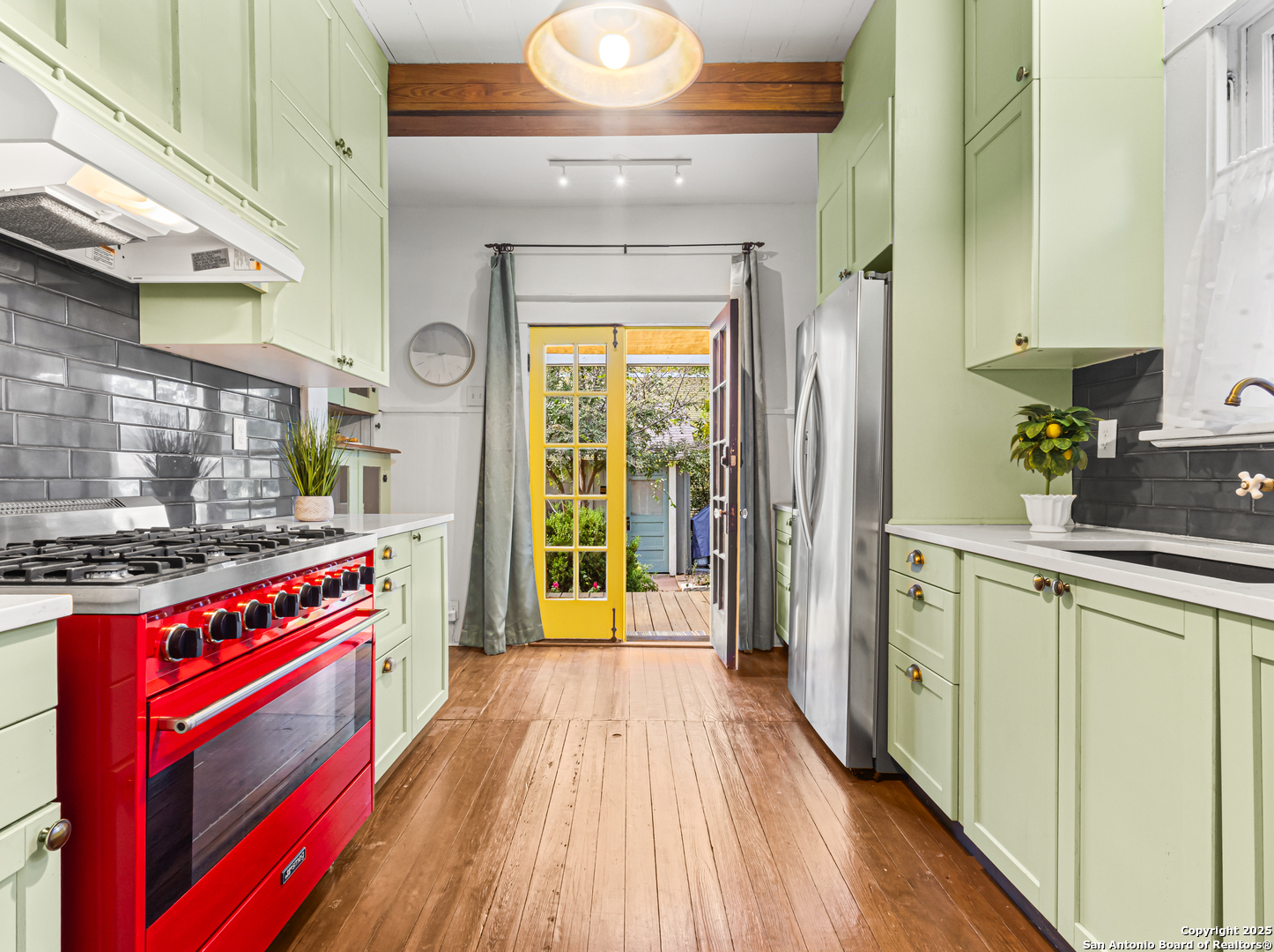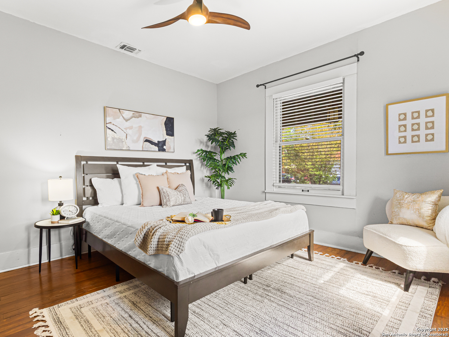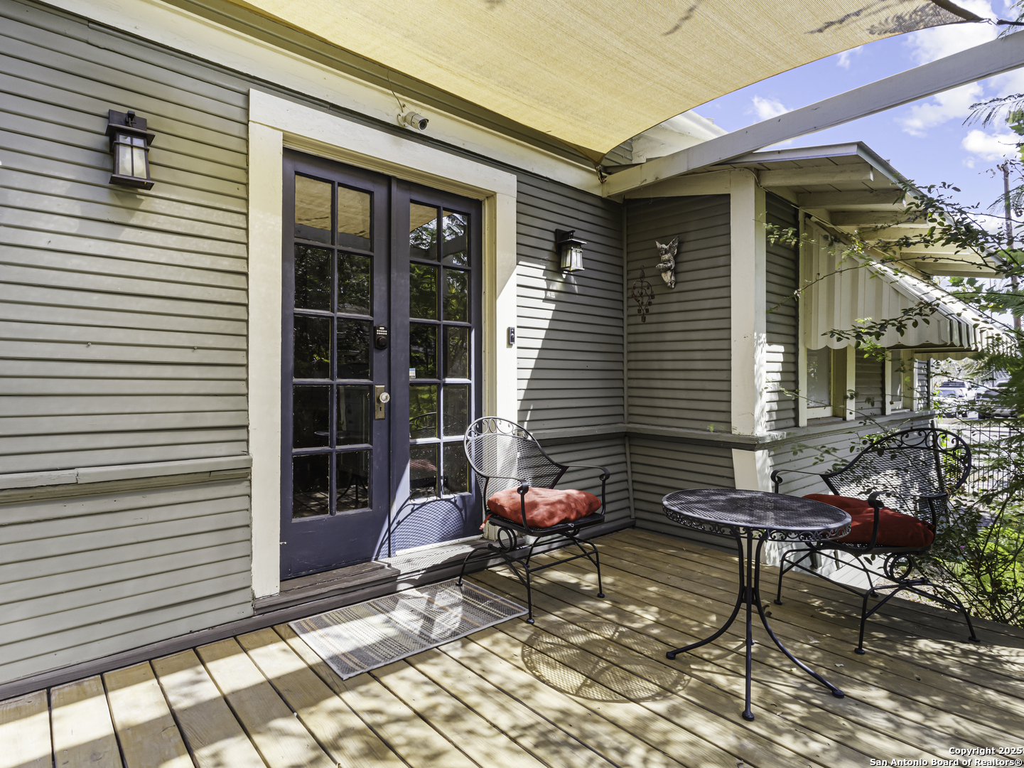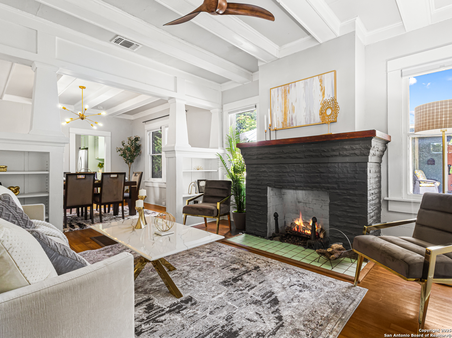 Located in the heart of San Antonio's treasured King William Historic District, 545 Wickes is a beautifully restored 1915 Craftsman cottage that blends classic charm with thoughtful, modern updates. Just steps from the Riverwalk, this home offers the perfect balance of history, culture, and urban convenience. From the curb, you'll notice its timeless lines, freshly painted exterior, and the gleam of a new standing seam metal roof. Inside, the warmth of the home welcomes you immediately - high ceilings, original architectural details, and a layout that feels both intimate and airy. The kitchen is a showstopper! A striking red SMEG Portofino gas range anchors the space, paired with a paneled Bosch dishwasher that blends seamlessly into custom cabinetry. Whether you're a home chef or a collector of beautiful spaces, this kitchen delivers. Both bedrooms are generously sized, and the two full baths have been updated with a respect for the home's period character. Behind the scenes, the work has already been done: a newer high-efficiency HVAC heat pump system, updated electrical and plumbing, and recent foundation leveling provide peace of mind. Out back, you'll find a one-car garage and a gated parking pad with a motorized entry-rare perks in a neighborhood where every square foot counts. 545 Wickes is a rare opportunity to own a piece of San Antonio history-updated for today, but with its soul perfectly intact. NOTE: Be sure to also explore 539 Wickes next door - a sister Craftsman home also available for sale. Together, they present a unique opportunity in one of the city's most storied neighborhoods. ALSO: This property has five years remaining on a transferable historical tax credit!
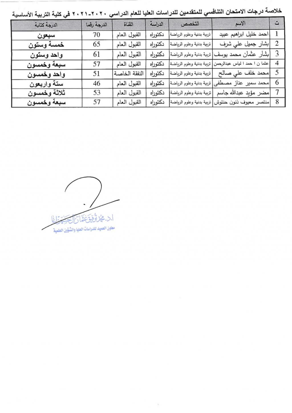 عمادة كلية التربية الأساسية تكمل درجات الامتحان التنافسي لطلبة الدراسات العليا للعام الدراسي 2020-2021
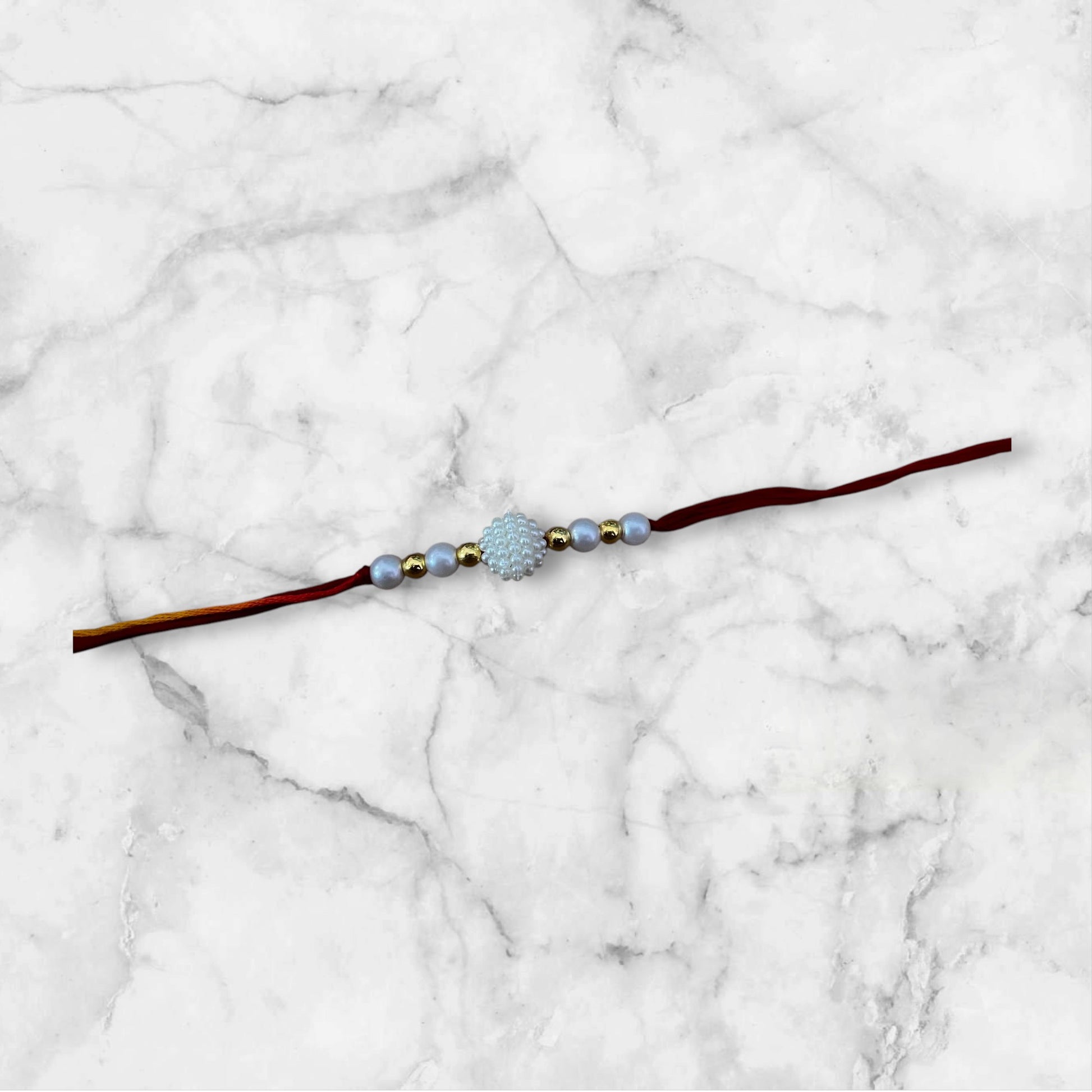 Celebrate the bond of love with this elegant, hand-crafted Pearl Rakhi. Thoughtfully designed with care and creativity, it's the perfect gift to make your sibling feel special, cherished, and deeply loved.
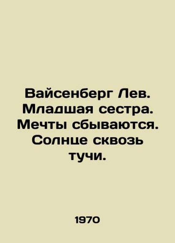 Weissenberg Leo. Younger sister. Dreams come true. Sun through clouds. In Russian /Vaysenberg Lev. Mladshaya sestra. Mechty sbyvayutsya. Solntse skvoz tuchi. In Russian. Trilogy. L. Soviet writer 1970. 928s. We have thousands of titles and often several copies of each title may be available. Please feel free to contact us for a detailed description of the copies available. SKUalb8e58b3e4ad2ee85c
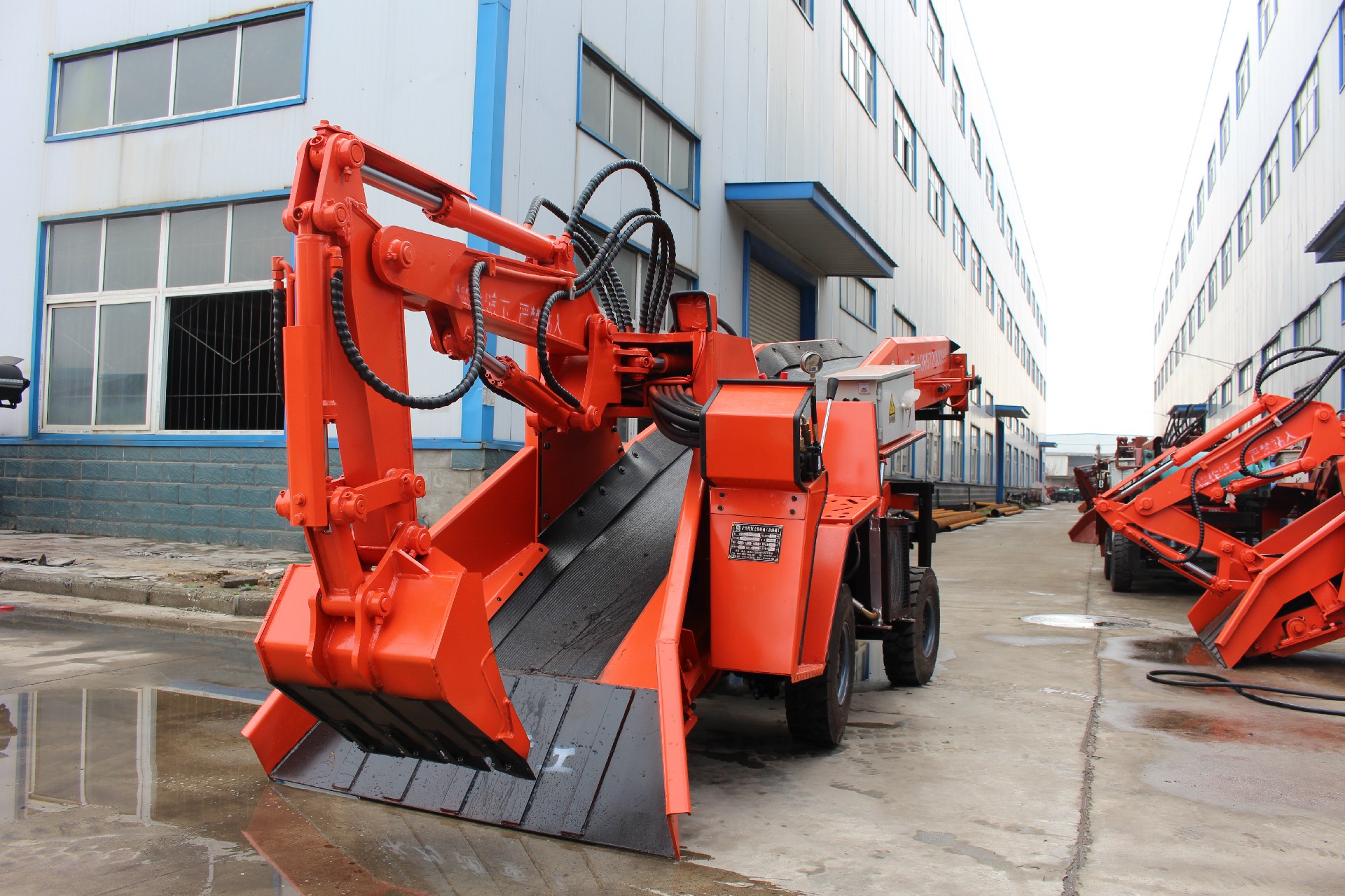 ZWY-60型輪式巷道扒渣機大臂使用14mm厚的鋼板,小臂使用12mm厚的鋼板。采用附屬裝置結構設計,可以極大的增加挖掘距離、挖掘深度和挖掘高度。大小臂以及主軸的所有鏈接部位都采用了石墨耐磨銅套,減少部件之間的磨損,增加使用壽命。通過合理設計的挖斗連接板增加使用時的挖掘力。
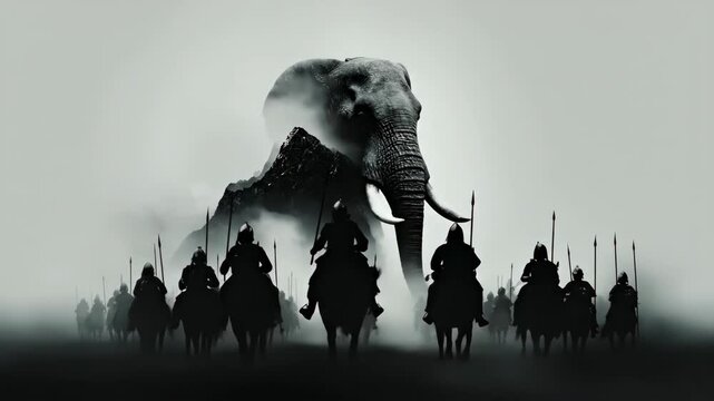 Ancient warrior cavalry rides through a misty landscape with an elephant and mountain overlay, battle footage
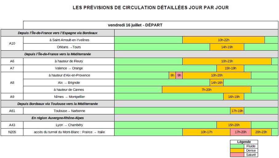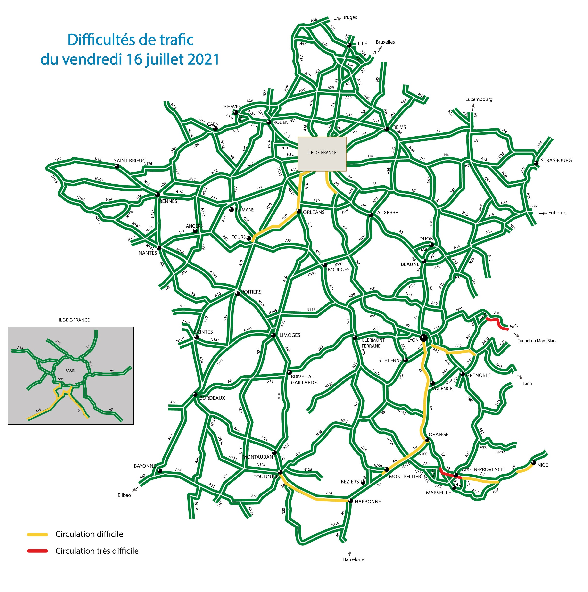 Vendredi 16 juillet, dans le sens des départs, d’importants flux de véhicules et des encombrements sur les grands axes autoroutiers sont attendus, plus particulièrement sur les autoroutes A7, A8 et A9 vers la Méditerranée. Des difficultés de circulation sont attendues dans les agglomérations entre 14h et 19h où les départs des vacanciers viendront s’ajouter aux déplacements habituels. En Île-de-France, les premiers ralentissements seront enregistrés dès la fin de matinée sur l’autoroute A6b et les rocades (Boulevard Périphérique et A86) qui convergent vers les autoroutes A6 et A10. Ces difficultés seront renforcées en milieu d’après-midi par les flux des trajets travail-domicile. La circulation restera très dense jusque tard dans la soirée. Sur l’autoroute A13 également, des difficultés de circulation pourraient être enregistrées dès le milieu d’après-midi et pourraient être encore présentes jusque tard dans la soirée.
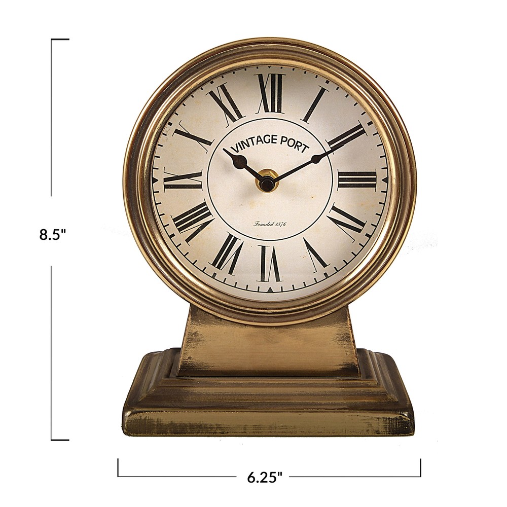 Product details This unique clock is the perfect item for telling time in style. Made out of iron, this antique-inspired clock is perfect for adding a pop of vintage to any space. This statement piece catches the eye effortlessly, and looks great on display in any room. Creative Co-Op is a global leader in wholesale home accessories, designing and distributing an expansive range of lifestyle products to a broad spectrum of retailers worldwide. The ‘Creative’ part of our name revolves around imagination, design, and collaboration with artists. Gold mantle clock gives an antique feel to any space Made out of iron with a gold finish Requires (1) AA battery (not included)
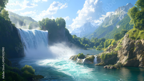 © Thiago, Fototapeta premium Majestic rhine falls cascade down rocky cliffside, misty veil rises from turquoise water, surrounded by lush greenery and sunny blue sky in switzerland. Misty Waterfall Basin. Illustration
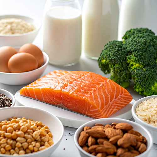 뼈·근육·연골·호르몬의 기본 재료입니다. 매 끼니 분산 섭취가 핵심입니다. (한 번에 몰아 먹기보다 조금씩 자주)
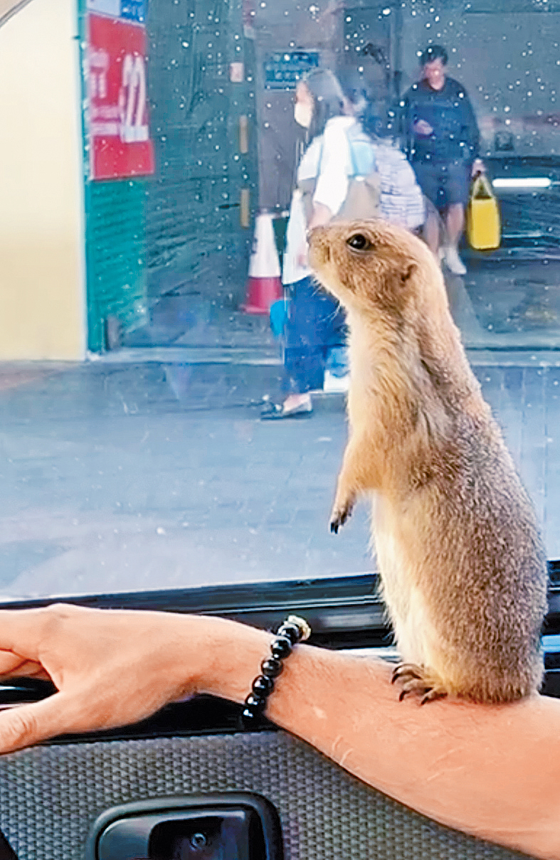 ▲黑尾土拨鼠是新兴另类宠物,有市民带同乘车外出。 网上图片

------------------------------------------------------------

**TASK DIRECTIONS:** Leaving out the pictures, please output the lines in the entries above from the one with "عمادة كلية التربية" through the one with "Celebrate the bond", exactly as they are.

**WRITTEN ANSWER:**
 عمادة كلية التربية الأساسية تكمل درجات الامتحان التنافسي لطلبة الدراسات العليا للعام الدراسي 2020-2021
 Celebrate the bond of love with this elegant, hand-crafted Pearl Rakhi. Thoughtfully designed with care and creativity, it's the perfect gift to make your sibling feel special, cherished, and deeply loved.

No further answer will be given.